Progress without Profit: Wordle and a profit-driven culture
In the midst of these unexpected, turbulent times, I can always be sure of one thing when I wake up: friends and family sending me their Wordle scores. Those yellow, green and gray squares have become a staple of my morning routine and are a fun way to start the day. I’m not alone in my obsession with the game — nationwide trends on Twitter prove the phenomenon has swept across the country.
The premise is simple: You have six tries to guess one new five-letter word. If a letter is in the word and in the correct spot, it turns green. If the letter is in the word but not in the correct spot, it turns yellow. If the letter is not in the word at all, it turns gray. Once you guess the word, you wait until the next day for a new one.
Software developer Josh Wardle originally created Wordle as a gift for his partner, not anticipating virality or a profit. Thus, Wordle is free to access, has no ads and can only be accessed on a website, rather than through an app. Further proving his altruistic motives, Wardle actually lost money on Wordle by spending $100 a month to maintain the website. In an interview with Time, Wardle said, “People ask me all the time about the monetization stuff … and I don’t know, maybe I’m an idiot. None of that really appeals to me.”
Despite Wardle’s initial goals, the game quickly became a global phenomenon. In the beginning of November, 90 people played Wordle. By the end of December, the number climbed to 300,000. In January, over 10 million people played.
In the face of smashing success, Wardle first stuck with his mission to keep the game free and without advertisements, much to my surprise. This past month, however, I received heartbroken texts from my fellow Wordlers (let’s make that name a thing) that Wardle had sold the game to the New York Times for an undisclosed sum in the low seven figures, leading players to assume the game would soon become a much different, and less fun, pay-to-play experience.

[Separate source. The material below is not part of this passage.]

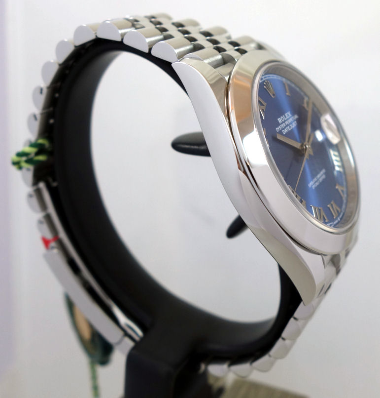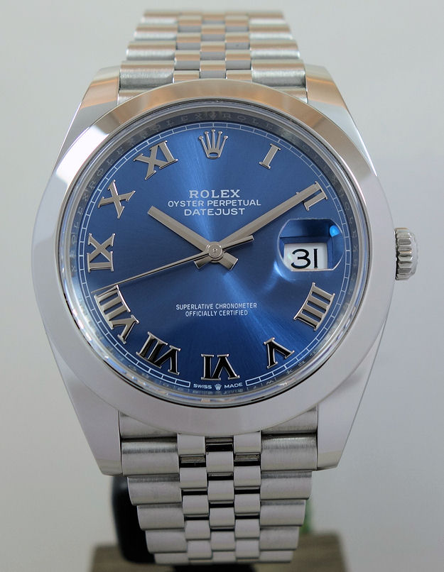 | Dial | Blue sunburst dial with Roman numerals. Date at 3 o’clock. |

The journey of Wordle from a small, thoughtful gift to a seven-figure sale underscores the cultural urge to monetize. Wardle held off for longer than most, but eventually got overwhelmed by what he’d created. Taking a closer look at Wordle unveils what this desire for profit means nationwide and how that mindset could detrimentally affect nonprofits.
At first, when Wardle stuck to his guns and refused to turn Wordle into his piggy bank, others inevitably seized at the opportunity. Developer Zach Shakked made a copycat game called “Wordle — the app” which he put on the app store with an optional $30-per-year annual subscription that gave players an unlimited number of puzzles. Shakked bragged about the number of downloads and subscriptions he received, many of whom had likely made their purchase after confusing his copycat game for the original. However, after swift backlash, Apple removed the app from its store.

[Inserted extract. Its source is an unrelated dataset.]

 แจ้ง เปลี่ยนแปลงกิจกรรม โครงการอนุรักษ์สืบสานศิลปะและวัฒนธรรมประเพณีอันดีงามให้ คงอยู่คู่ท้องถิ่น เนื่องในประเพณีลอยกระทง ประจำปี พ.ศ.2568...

Public frustration with attempts to monetize the game is rooted in a growing frustration with the emphasis on entrepreneurialism. Why does everything have to become an opportunity to earn cash? When capital is celebrated as the most important resource in society, something purely for entertainment and fun appears meaningless.
A simple hobby always seems to become a way to earn a living in our profit-driven culture. If a person likes to work out, they’re pressured to make a YouTube channel about it and receive sponsors. If a person likes to knit, they should open an Etsy store to sell clothes. I am even guilty of asking my sister, who is a fantastic artist, when she will open a Redbubble store to sell her work. In a neoliberal society, the constant expectation is that we will market and commodify ourselves.
However, I can’t blame Wardle for eventually selling Wordle to the New York Times. If he hadn’t capitalized off his game, someone else would have. Additionally, New York Times promised to keep Wordle free “initially” but it’s only a matter of time before Wordle is no longer a form of connection and community but instead a marketing tool played by those willing to pay for it. I’m not upset at Wardle for taking the money, but more disheartened by the general attitude the transaction represents.
When people are always expected to create things that put more money in their pockets, nonprofits become a much less enticing industry. The purchase of Wordle illuminates a culture that revolves around capital, a culture that prioritizes high-paying jobs that are detrimental to society over lower-paying nonprofit jobs that make positive change. For the most success moving forward, we need to shift these narratives and resist the urge to monetize everything. Sometimes things should exist for the simple joy of them existing — without a scheme for profit attached.
Sophie Roppe is a senior writing about nonprofit organizations and social justice. Her column, “Progress Without Profit,” runs every other Monday.